Brief
Output all of the data below without changing a word, and exclude the pictures.

Supplied material
^^^^

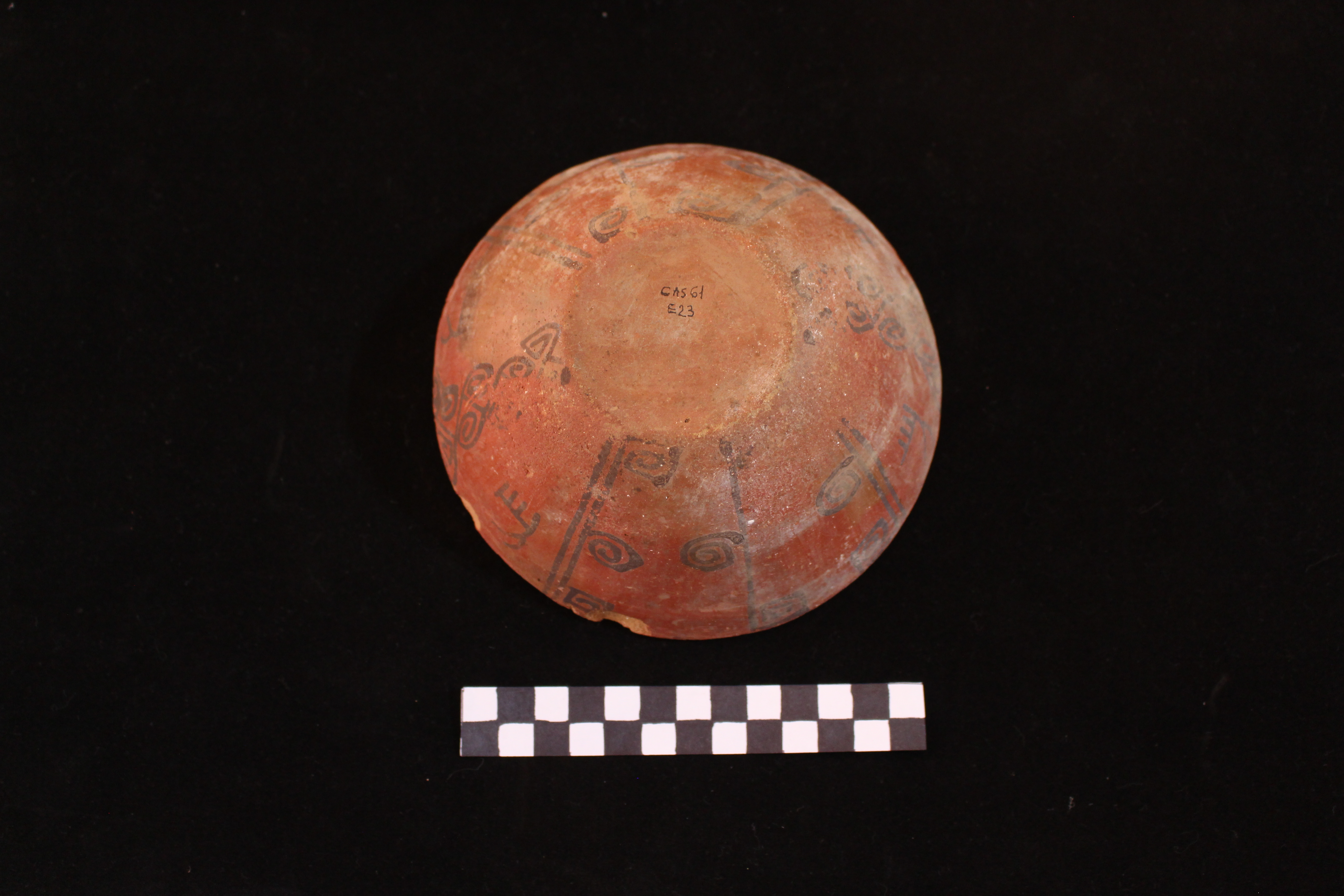 con decoración interior y exterior en pintura negra lineal y de patrones curvos.
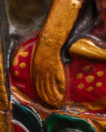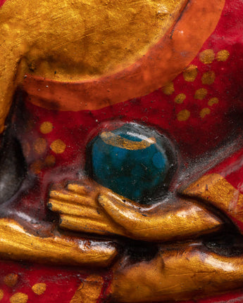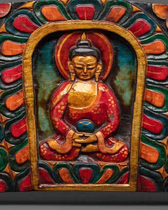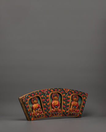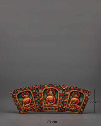 The artwork is expertly carved from wood and painted in vibrant acrylic colors, making it a unique and meaningful addition to your home. The three Buddhas represent knowledge, serenity, and enlightenment, with Amitabha Buddha in the center, embodying boundless compassion and the aspiration for rebirth in his Pure Land.
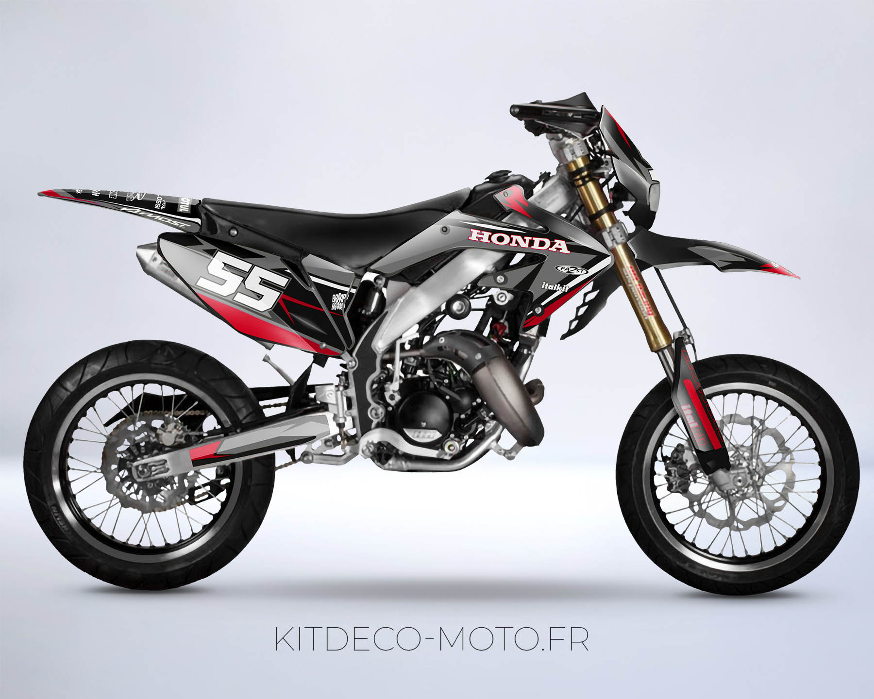 Pour une personnalisation encore plus poussée, vous pouvez customiser votre Kit déco Honda 50 HM – Craft Rouge / Gris avec nos différentes options comme la base du Kit déco, la finition et pourquoi pas ajouter votre pseudo ou bien changer le numéro.
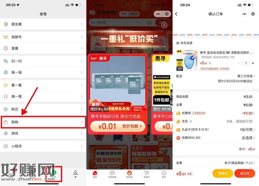 【京东部分人0.01元撸实物包邮】新一期!进入“微信-发现-购物”->大部分人自动弹出0.01亓实物,任选一个都是包邮的

^^^^

Exercise solution
 con decoración interior y exterior en pintura negra lineal y de patrones curvos.
 The artwork is expertly carved from wood and painted in vibrant acrylic colors, making it a unique and meaningful addition to your home. The three Buddhas represent knowledge, serenity, and enlightenment, with Amitabha Buddha in the center, embodying boundless compassion and the aspiration for rebirth in his Pure Land.
 Pour une personnalisation encore plus poussée, vous pouvez customiser votre Kit déco Honda 50 HM – Craft Rouge / Gris avec nos différentes options comme la base du Kit déco, la finition et pourquoi pas ajouter votre pseudo ou bien changer le numéro.
 【京东部分人0.01元撸实物包邮】新一期!进入“微信-发现-购物”->大部分人自动弹出0.01亓实物,任选一个都是包邮的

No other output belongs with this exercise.